/wordle_solver

Exploring strategies for solving Wordle puzzles.

Primary LanguagePython

Wordle Solver

Wordle is a game where you have to guess a 5-letter word in a similar manner as the guess-the-color game Mastermind. After guessing a five-letter word, the game tells you whether any of your letters are in the secret word and whether they are in the correct place. This project explores some different strategies for the game.

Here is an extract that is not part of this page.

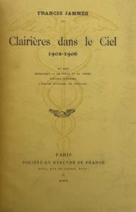 Clairières dans le ciel. Paris, Mercure de France, 1906 ; in-12, bradel demi-chagrin bleu nuit à coins, tête dorée, couverture (Patrice Goy). – Édition originale. Un des 12 Hollande (n° 8).

To use a particular strategy, run python wordle_solver/use_strategy.py <STRATEGY_NUMBER>:

python wordle_solver/use_strategy.py 3
...
The best guess is LARES. Enter the result of this guess: 00000
The best guess is TONIC. Enter the result of this guess: 00200
The best guess is DYING. Enter the result of this guess: 01020
Remaining words: ['BUNNY', 'FUNNY', 'NUNNY', 'PUNNY']
The best guess is UPBYE. Enter the result of this guess: 10110
The answer is BUNNY.

To test a particular strategy, run python wordle_solver/test_strategy.py <STRATEGY_NUMBER>. Each strategy is tested against every 5-letter word to calculate the expected number of guesses the strategy needs to correctly guess a random 5-letter word, along with calculating the worst possible word(s) for the strategy.

Strategy 1 (The Dumb Strategy)

  • Average guesses needed: 5.530
  • Worst word for this strategy: ZILLS (18 guesses needed)

This strategy keeps track of every word that hasn't been ruled out yet, in alphabetical order. It picks the first word from this list, then updates the list based on the result of the guess. This repeats until the word is found.

Strategy 2 (The Slightly Less Dumb Strategy)

  • Average guesses needed: 4.951
  • Worst words for this strategy: SALES, SANGS, SILLS (15 guesses needed)

This strategy improves on Strategy 1 by picking the "best" word from the list of possible words, rather than the first word. The "best" word is based on a heuristic scoring of how common each unique letter in the word is.

Strategy 3 (The Good Strategy)

  • Average guesses needed: 4.111
  • Worst word for this strategy: SILLS (8 guesses needed)

This strategy involves some pre-calculations to work out the "best" next guess from a given point in the game. The "best" guess is defined as the one that results in the lowest number of remaining possible words, when averaged across all possible answers.

  1. compute_best_first_guess.py does this for the first guess. This calculates that the best first guess is LARES.
  2. compute_best_second_guess.py does this for the second guess (assuming LARES as the first guess). It outputs the mapping of {best first guess -> result from first guess -> best second guess} into best_second_guesses.txt.
  3. compute_best_third_guess.py does this again for the third guess (using the mapping of best second guesses), outputting the mapping of {best first guess -> result from first guess -> best second guess -> result from second guess -> best third guess} to best_third_guesses.txt.
  4. compute_best_guesses_complete.py does this for all remaining guesses (using the previous mappings), and combines all the previous mapping files into one complete mapping of {best guess -> result -> best guess -> etc} in best_guesses_complete.txt.

The strategy then just uses the complete mapping stored in best_guesses_complete.txt to pick its next guess.